Victoria Keys, which will be built at Coaling Island inside the historic harbour, is set to raise the profile of Rock to rival the likes of Monaco.

Luxury flats, new shopping areas and offices are set to be built in partnership with the government.

Chief Minister Fabian Picardo explains that the development will ‘showcase our benefits to our widest ever worldwide audience’.

“Our international prominence appears to have had a positive influence on the high net worth individuals that we strive to attract to Gibraltar,” he said.

With current Brexit concerns in Europe, Gibraltar is seen as a stronger investment than owning a Spanish property.

A total of 60,000 square metres of land are to be created for the project by a massive sea reclamation scheme.

The complicated scheme is to be undertaken by a government-owned company, guaranteeing safety in the investment, while the £300 million cost will be returned to government coffers once the land has been created.

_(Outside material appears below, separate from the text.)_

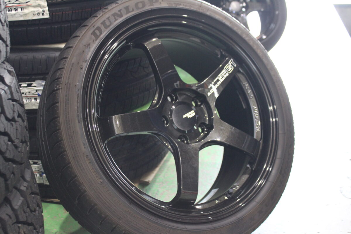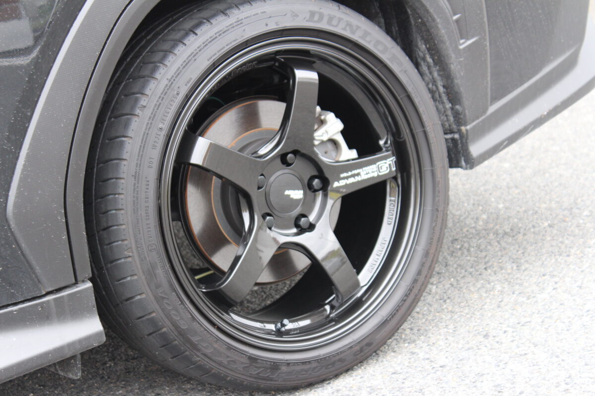 今回はボディカラーのブラックに合わせて、ホイールもレーシングチタニウムブラックで「黒」を強調。

“It is precisely projects like these that ensure that new businesses wanting to relocate are able to secure accommodation for themselves and their workers,” added the Chief Minister.

“With the continued requests for commercial space, and its knock-on demand for residential accommodation, it is essential that we exploit this opportunity to its fullest.”

But he promised that there would be no reclamation outside of port waters before the end of the current transition period under the EU Withdrawal Agreement.

And he added that the scheme would be ‘in keeping with all environmental protection rules’.

“Victoria Keys will have an extensive landscaped public promenade, solely for pedestrians and cyclists, along the entire waterfront perimeter,” he continued.

“There will also be wide tree-lined avenues running east to west retaining the historical views across the bay.

“It will become our very own garden city by the sea.”

This will be the second time that the current government carried out a project of this magnitude.

The Westside reclamation of the late 1990s arguably created the foundations for the modern Gibraltar economy that we now know.